(Collection entries)
----

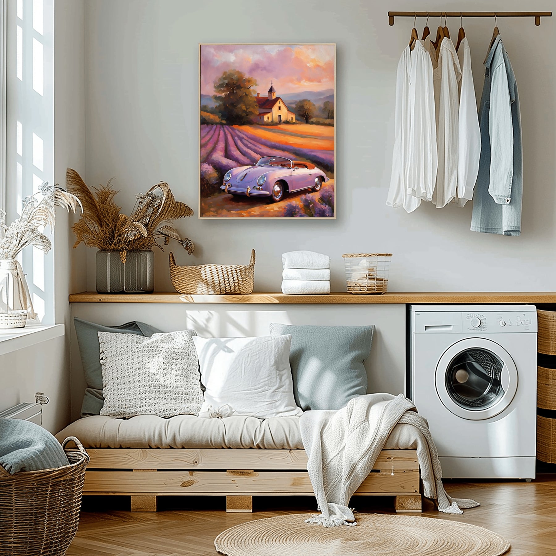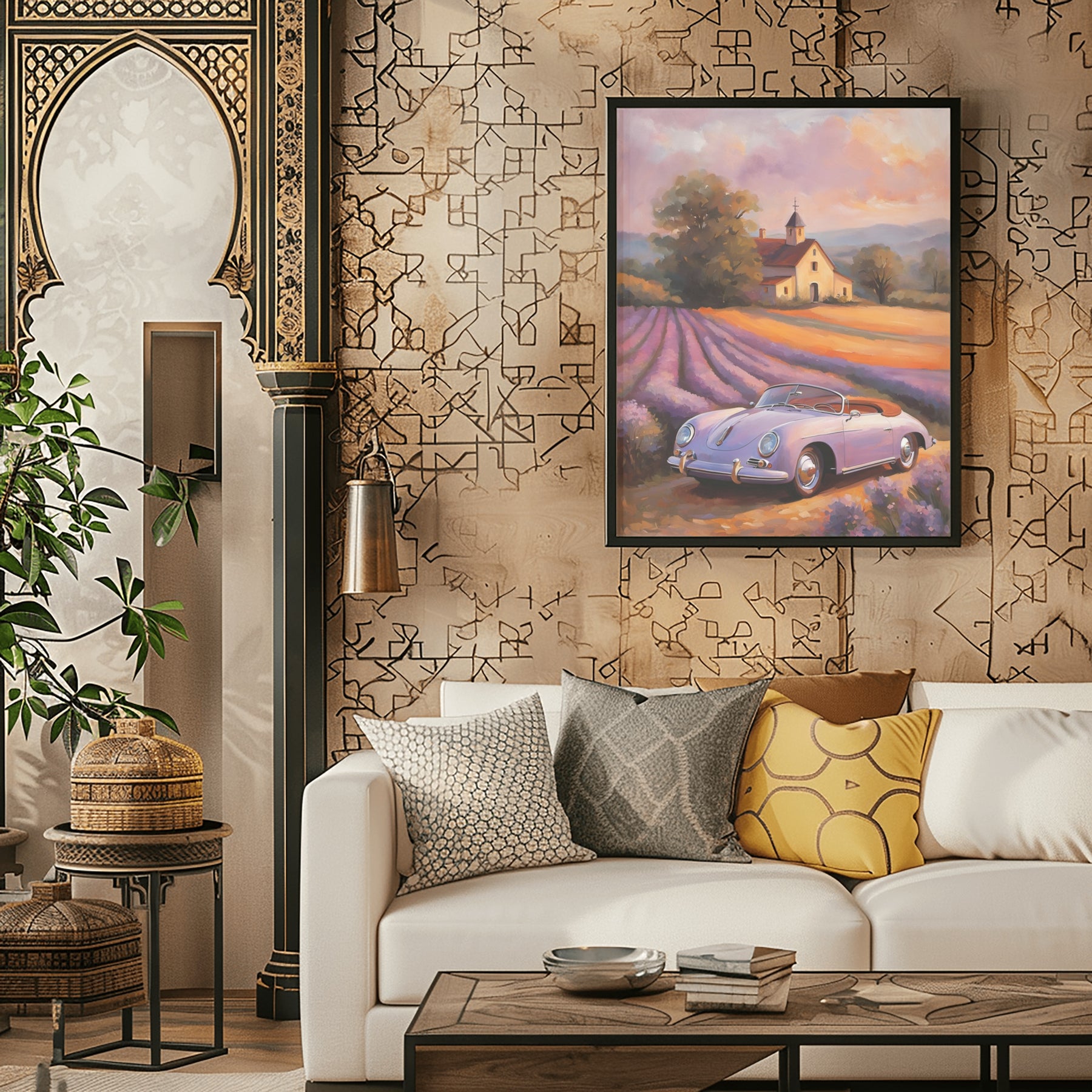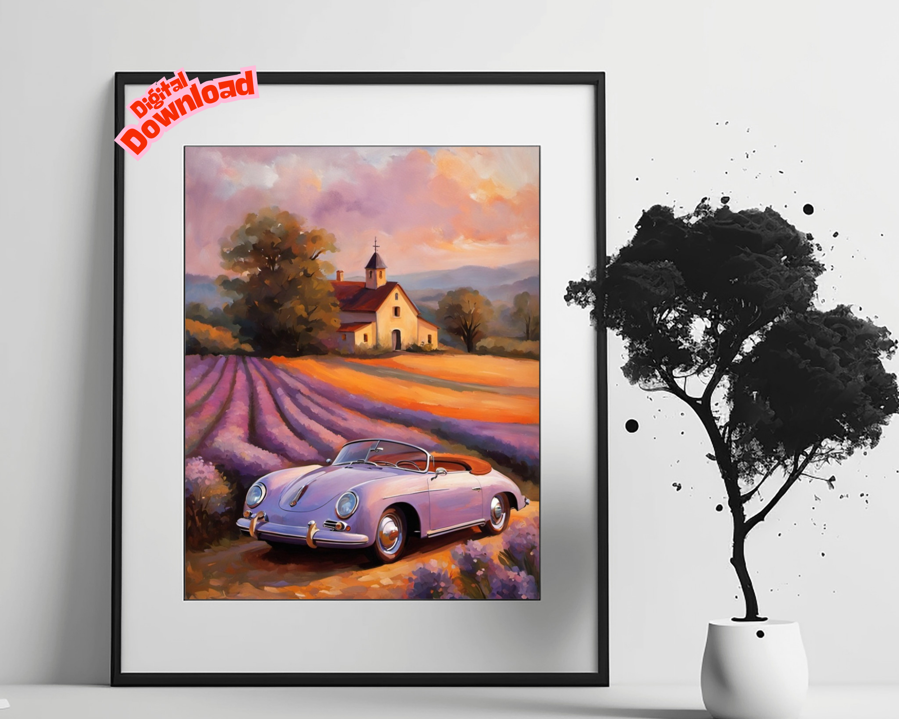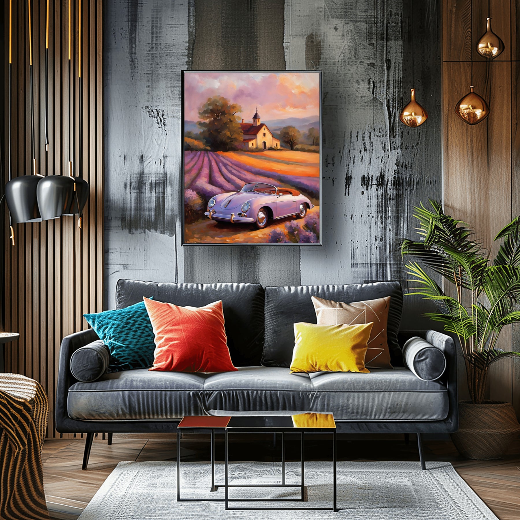 Bring a touch of nostalgia and beauty to your living space with this vintage car and lavender field print. The artwork shows a classic 1950s speedster parked gently beside lush, blooming lavender. Soft summer light makes the colors glow. You can almost smell the lavender in the air and hear the quiet countryside.
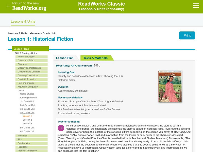 Read Works: Genre 4th Grade Unit: Historical Fiction
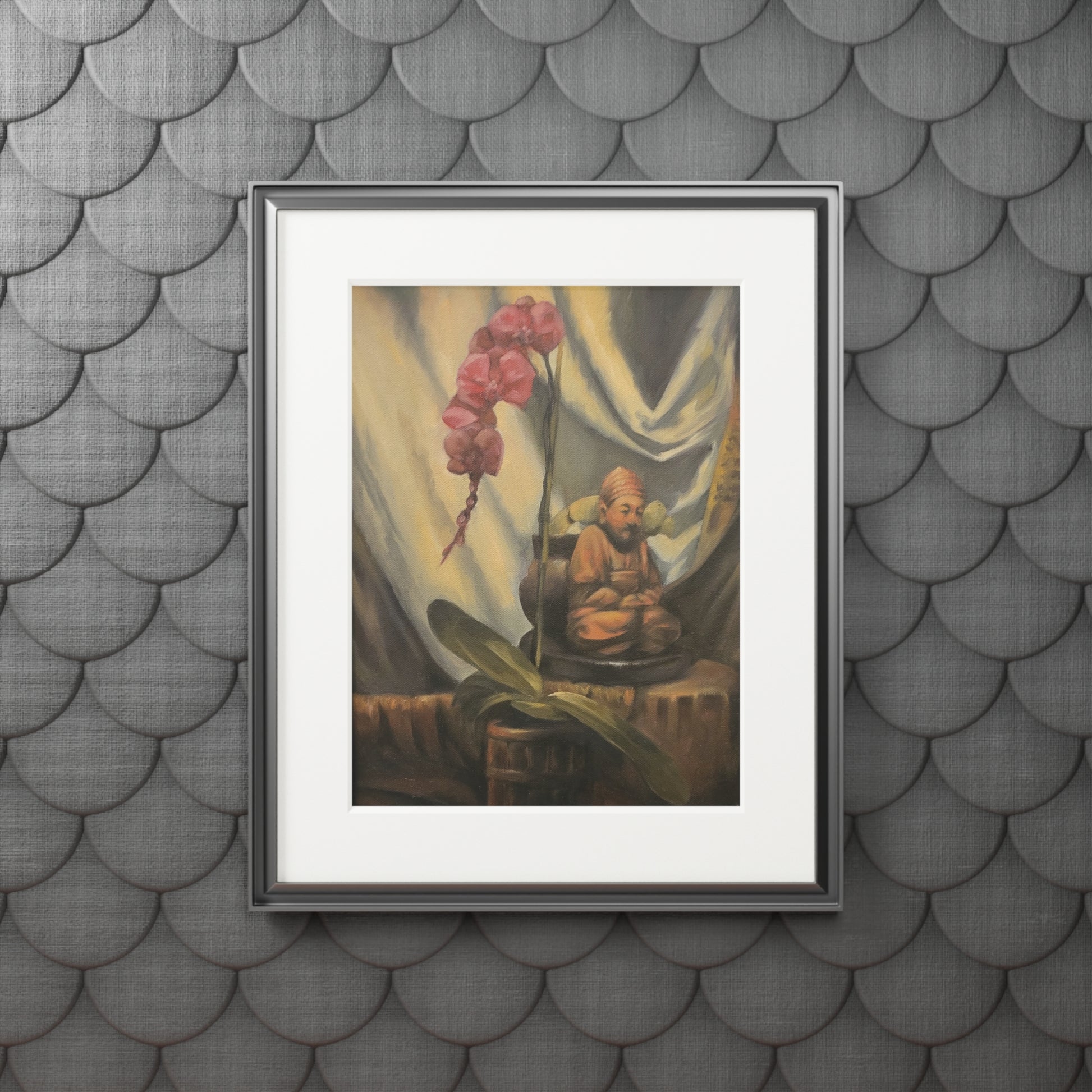 Fine art print of my "Orchid and little buddha statue" a still life oil painting of a miniature buddha statue and a pink orchid.
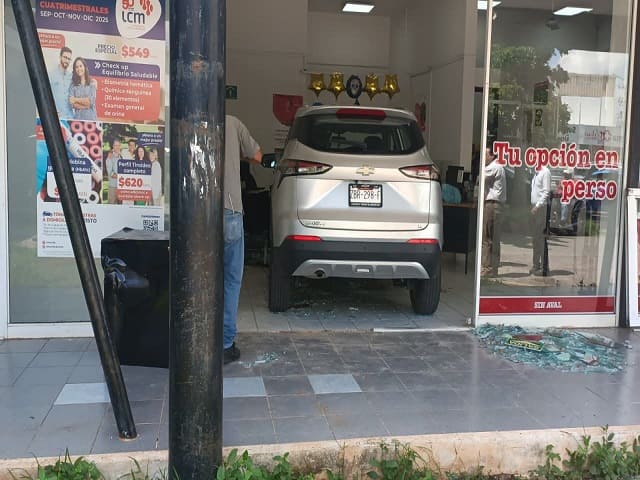 Un accidente inusual se registró este lunes en la colonia Miguel Hidalgo de Mérida, cuando una mujer terminó dentro de una financiera tras confundir el acelerador con el freno de su vehículo.Los hechos ocurrieron en la calle 50 con 21, cerca de Plaza Dorada, donde la señora conducía una camioneta Chevrolet. Según testigos, al intentar estacionarse frente a una plaza, la conductora cometió un error al presionar el pedal equivocado. En lugar de frenar, aceleró de golpe, lo que provocó que el vehículo se proyectara directamente contra la entrada principal del establecimiento financiero.El estruendo alarmó a empleados y transeúntes de la zona, quienes rápidamente se acercaron para verificar la situación. Afortunadamente, ningún trabajador ni cliente resultó lesionado, aunque la mujer quedó dentro del local hasta que pudo ser auxiliada.Elementos de la Secretaría de Seguridad Pública (SSP) acudieron al sitio para tomar conocimiento del accidente, realizar las diligencias correspondientes y coordinar el retiro de la camioneta.El incidente dejó daños materiales tanto en el vehículo como en la fachada del negocio.ACOM Navegación de entradasYucatán retrocede al tercer lugar en percepción de seguridad deja de ser el estado más seguro Retiran cinco toneladas de residuos tras limpieza simultánea de playas en Yucatán
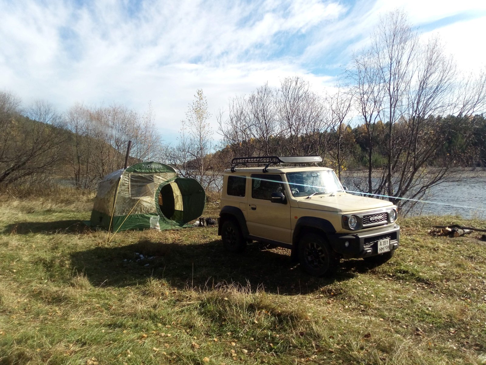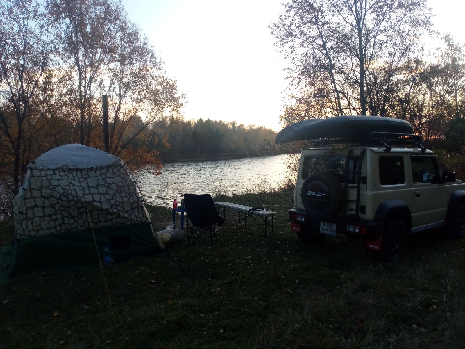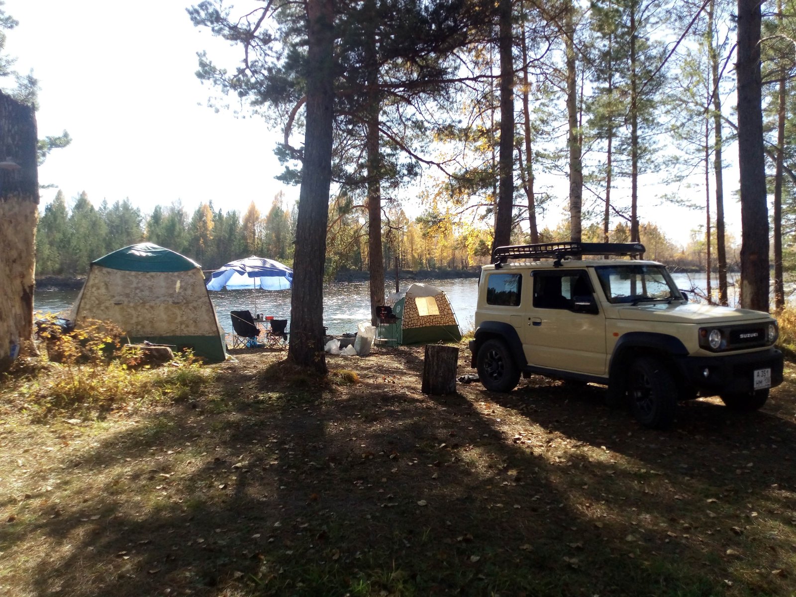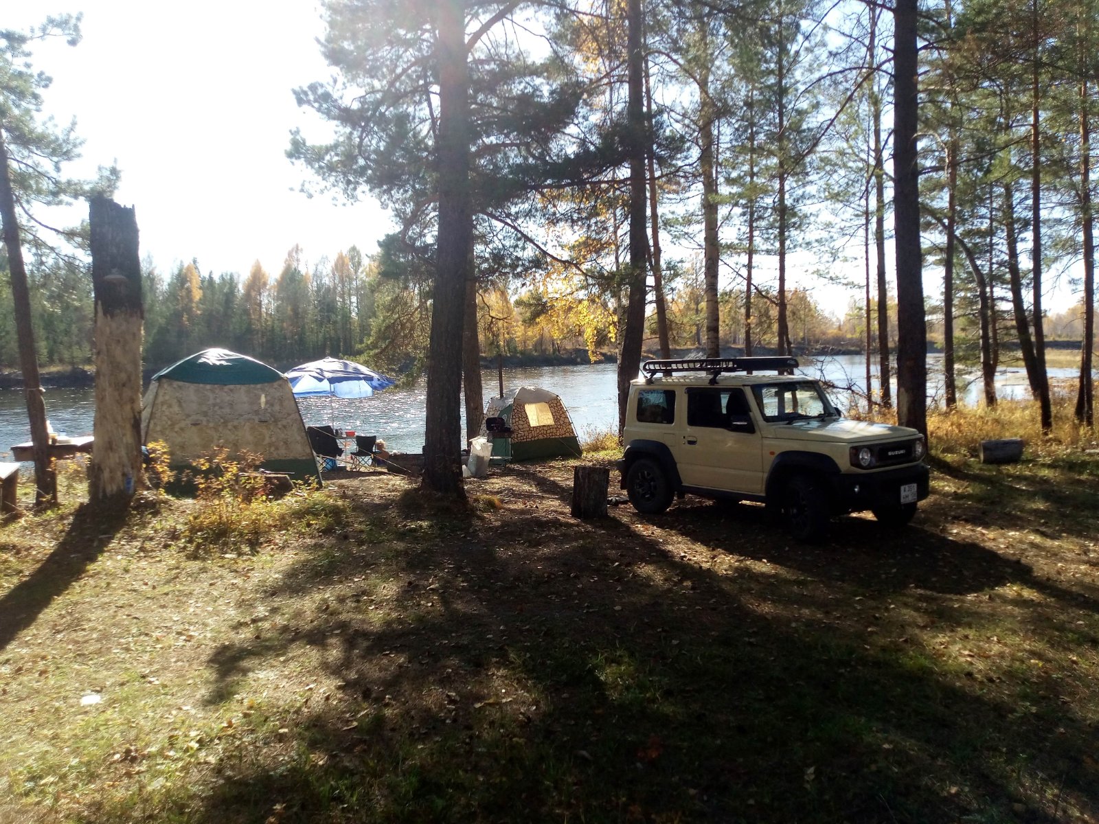 Но у нас есть такое место, всего лишь в 51 км от города. Всё лето оно было занято совхозными пасечниками, но в начале осени они съехали, оставив нам относительно чистую и ухоженную поляну. Дорога сюда крайние 10 км ведёт по подсохшей болотине, и я засаживал здесь Джимника в прошлом году. Но в этот раз даже передок не пришлось включать.
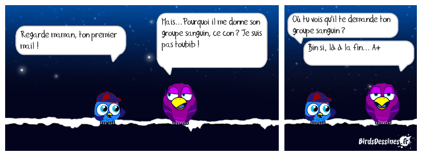 Case 1:Bird 1: Regarde maman, ton premier mail ! | Case 2: Bird 1: Mais...Pourquoi il me donne son groupe sanguin, ce con ? Je suis pas toubib ! | Case 3: Bird 1: Où tu vois qu'il te demande ton groupe sanguin ? Bird 2: Bin si, là à la fin... A+

----

◆ **Exercise**
Give again, exactly, the lines from the start of the data through the one holding "Fine art print"; omit the pictures.

◆ **Exercise solution**
 Bring a touch of nostalgia and beauty to your living space with this vintage car and lavender field print. The artwork shows a classic 1950s speedster parked gently beside lush, blooming lavender. Soft summer light makes the colors glow. You can almost smell the lavender in the air and hear the quiet countryside.
 Read Works: Genre 4th Grade Unit: Historical Fiction
 Fine art print of my "Orchid and little buddha statue" a still life oil painting of a miniature buddha statue and a pink orchid.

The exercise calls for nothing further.